Let \(A\) be a square matrix. An eigenvalue \(\lambda\) of \(A\) is called a dominant eigenvalue if \(\lambda\) has (algebraic) multiplicity 1 and \(| \lambda | > | \mu |\) for all other eigenvalues \(\mu\).

Let \(A\) be an \(n \times n\) matrix with eigenvalues \(\lambda_1,\dots,\lambda_n\) and corresponding eigenvectors \(\boldsymbol{v}_1,\dots,\boldsymbol{v}_n\) with dominant eigenvalue \(\lambda_1\). Let \(\boldsymbol{x}_0\) be any vector which is a linear combination of the eigenvectors of \(A\)

\[ \boldsymbol{x}_0 = c_1 \boldsymbol{v}_1 + \cdots + c_n \boldsymbol{v}_n \]

such that \(c_1 \not= 0\). Then

\[ A^k \boldsymbol{x}_0 = c_1 \lambda_1^k \boldsymbol{v}_1 + \cdots + c_n \lambda_n^k \boldsymbol{v}_n \]

and therefore

\[ (1/\lambda_1^k)A^k \boldsymbol{x}_0 = c_1 \boldsymbol{v}_1 + c_2 (\lambda_2/\lambda_1)^k \boldsymbol{v}_2 + \cdots + c_n (\lambda_n/\lambda_1)^k \boldsymbol{v}_n \ \ \rightarrow \ \ c_1 \boldsymbol{v}_1 \ \ \text{as } k \to \infty \]

because each term \(| \lambda_i/\lambda_1 | < 1\) and so \(\lambda_i/\lambda_1 \to 0\) as \(k \to \infty\). This method of approximating \(\boldsymbol{v}_1\) is called power iteration (or the power method).

The entries in the vector \(A^k \boldsymbol{x}_0\) may get very large as \(k\) increases therefore it is helpful to normalize at each step. The simplest way is to divide by \(\| \boldsymbol{x}_k \|_{\infty} = \max \{\boldsymbol{x}_k \}\)

\[ \boldsymbol{x}_{k+1} = \frac{A \boldsymbol{x}_k}{\| A \boldsymbol{x}_k \|_{\infty}} \]

This is called normalized power iteration. Note that \(\| A \boldsymbol{x}_k \|_{\infty}\) gives an approximation of \(\lambda_1\) at each step.

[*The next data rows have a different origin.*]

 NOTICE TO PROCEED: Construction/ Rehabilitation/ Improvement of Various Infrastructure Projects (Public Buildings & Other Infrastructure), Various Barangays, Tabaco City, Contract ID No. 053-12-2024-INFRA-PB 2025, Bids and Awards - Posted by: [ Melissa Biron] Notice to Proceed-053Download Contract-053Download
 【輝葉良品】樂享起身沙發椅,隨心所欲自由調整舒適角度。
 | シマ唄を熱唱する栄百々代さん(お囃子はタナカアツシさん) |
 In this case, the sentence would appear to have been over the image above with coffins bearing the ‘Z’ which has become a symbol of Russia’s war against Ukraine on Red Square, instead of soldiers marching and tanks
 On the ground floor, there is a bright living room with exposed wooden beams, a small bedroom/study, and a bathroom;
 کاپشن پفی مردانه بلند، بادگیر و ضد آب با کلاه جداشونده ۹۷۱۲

Approximate the dominant eigenvalue and eigenvector of the matrix

\[\begin{split} A = \begin{bmatrix} 1 & 1 & 0 \\ 1 & 1 & 1 \\ 0 & 1 & 1 \end{bmatrix} \end{split}\]

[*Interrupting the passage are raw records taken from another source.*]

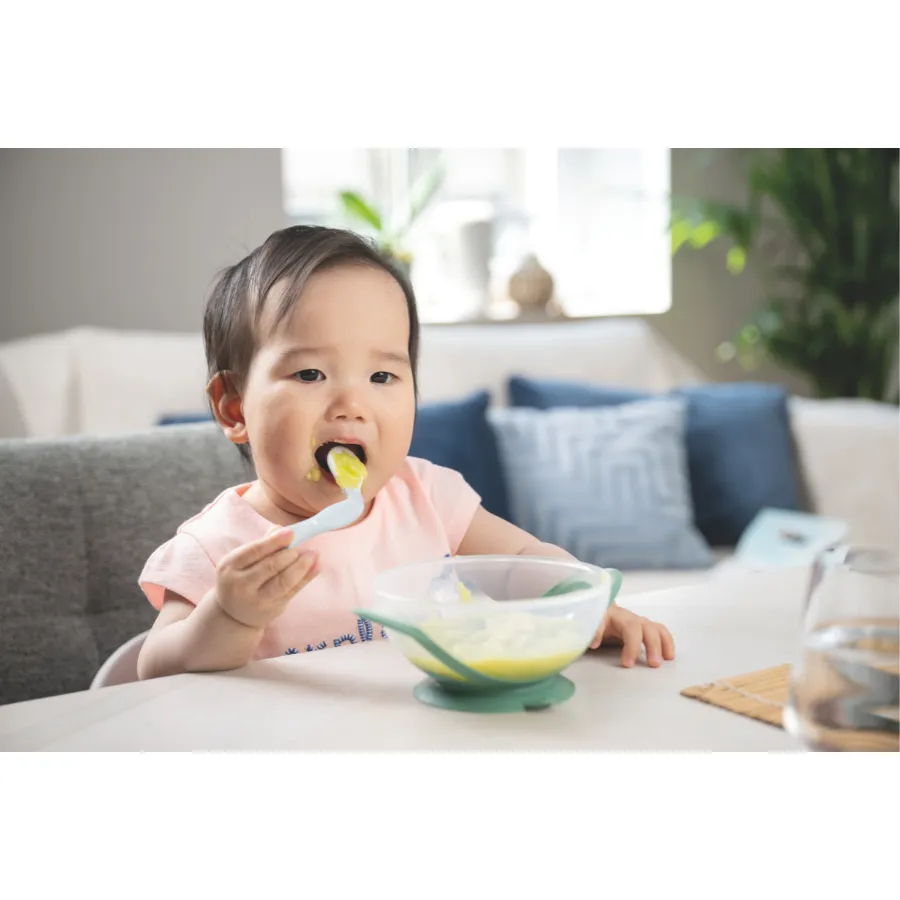 Su forma curvada y orientable ayuda a reducir frustraciones, permitiendo al bebé experimentar sin dificultad y reforzando su confianza durante la alimentación complementaria.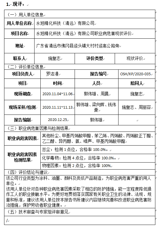 永旭精化科技(清远)有限公司职业病危害现状评价
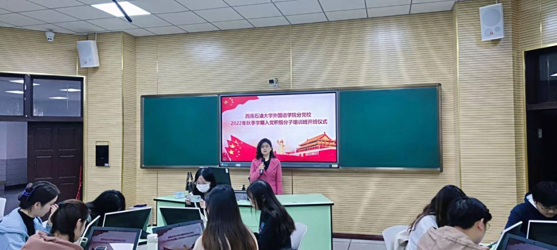 为更好贯彻落实党员发展工作,提高入党积极分子的理论水平和党性修养,我院于2022年11月10日下午在思学楼B106组织召开“外国语学院分党校入党积极分子培训暨开班仪式”。学院党委书记姚明淑、组织员任会及全体入党积极分子参加了本次仪式。本次活动由学生第二党支部书记彭希宁主持。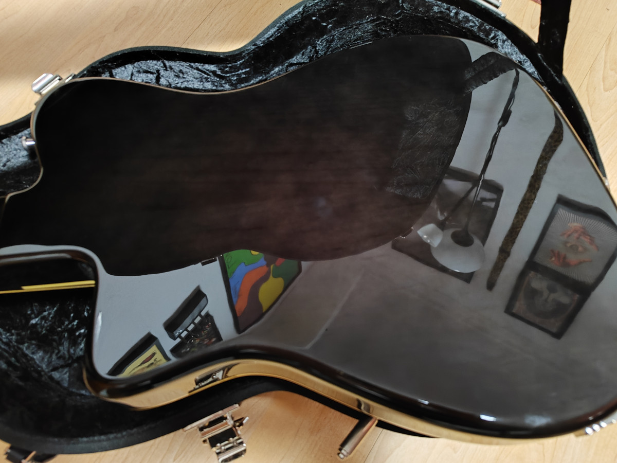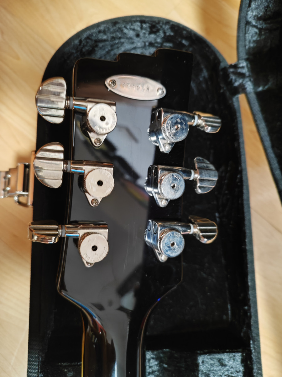 Está en estado de revista, como se puede ver, y para tocar está de escándalo, pasada por luthier hace un par de meses. De trastes está muy bien también. Los cromados han perdido un poco de brillo y tiene un par de marcas pequeñitas, nada raro.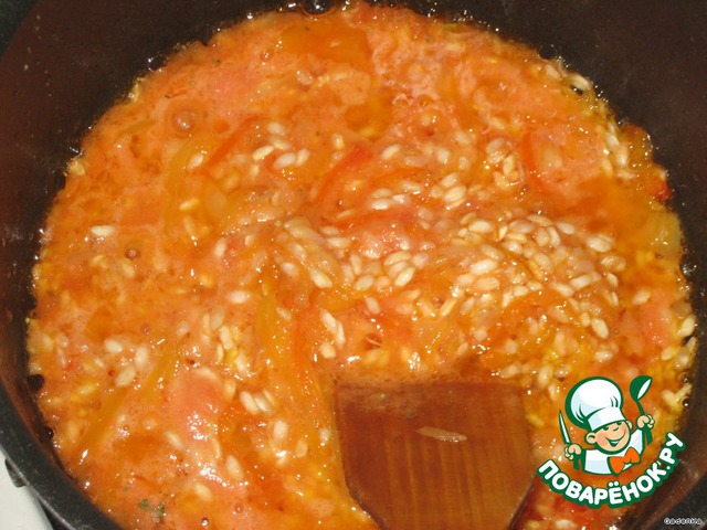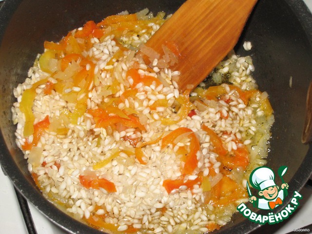 Затем влить 1 стакан воды, накрыть крышкой и тушить, пока жидкость не впитается, иногда рис помешивать.

by 4 iterations of the normalized power method. Choose a random starting vector

\[\begin{split} \boldsymbol{x}_0 = \begin{bmatrix} 1 \\ 0 \\ 0 \end{bmatrix} \end{split}\]

and compute

\[\begin{split} \begin{align*} A \boldsymbol{x}_0 &= \begin{bmatrix} 1 & 1 & 0 \\ 1 & 1 & 1 \\ 0 & 1 & 1 \end{bmatrix} \begin{bmatrix} 1 \\ 0 \\ 0 \end{bmatrix} = \begin{bmatrix} 1 \\ 1 \\ 0 \end{bmatrix} & \boldsymbol{x}_1 = \frac{A \boldsymbol{x}_0}{\| A \boldsymbol{x}_0 \|_{\infty}} &= \begin{bmatrix} 1 \\ 1 \\ 0 \end{bmatrix} \\ A \boldsymbol{x}_1 &= \begin{bmatrix} 1 & 1 & 0 \\ 1 & 1 & 1 \\ 0 & 1 & 1 \end{bmatrix} \begin{bmatrix} 1 \\ 1 \\ 0 \end{bmatrix} = \begin{bmatrix} 2 \\ 2 \\ 1 \end{bmatrix} & \boldsymbol{x}_2 = \frac{A \boldsymbol{x}_1}{\| A \boldsymbol{x}_1 \|_{\infty}} &= \begin{bmatrix} 1 \\ 1 \\ 0.5 \end{bmatrix} \\ A \boldsymbol{x}_2 &= \begin{bmatrix} 1 & 1 & 0 \\ 1 & 1 & 1 \\ 0 & 1 & 1 \end{bmatrix} \begin{bmatrix} 1 \\ 1 \\ 0.5 \end{bmatrix} = \begin{bmatrix} 2 \\ 2.5 \\ 1.5 \end{bmatrix} & \boldsymbol{x}_3 = \frac{A \boldsymbol{x}_2}{\| A \boldsymbol{x}_2 \|_{\infty}} &= \begin{bmatrix} 0.8 \\ 1 \\ 0.6 \end{bmatrix} \\ A \boldsymbol{x}_3 &= \begin{bmatrix} 1 & 1 & 0 \\ 1 & 1 & 1 \\ 0 & 1 & 1 \end{bmatrix} \begin{bmatrix} 0.8 \\ 1 \\ 0.6 \end{bmatrix} = \begin{bmatrix} 1.8 \\ 2.4 \\ 1.6 \end{bmatrix} & \boldsymbol{x}_4 = \frac{A \boldsymbol{x}_3}{\| A \boldsymbol{x}_3 \|_{\infty}} &= \begin{bmatrix} 0.75 \\ 1 \\ 0.67 \end{bmatrix} \end{align*} \end{split}\]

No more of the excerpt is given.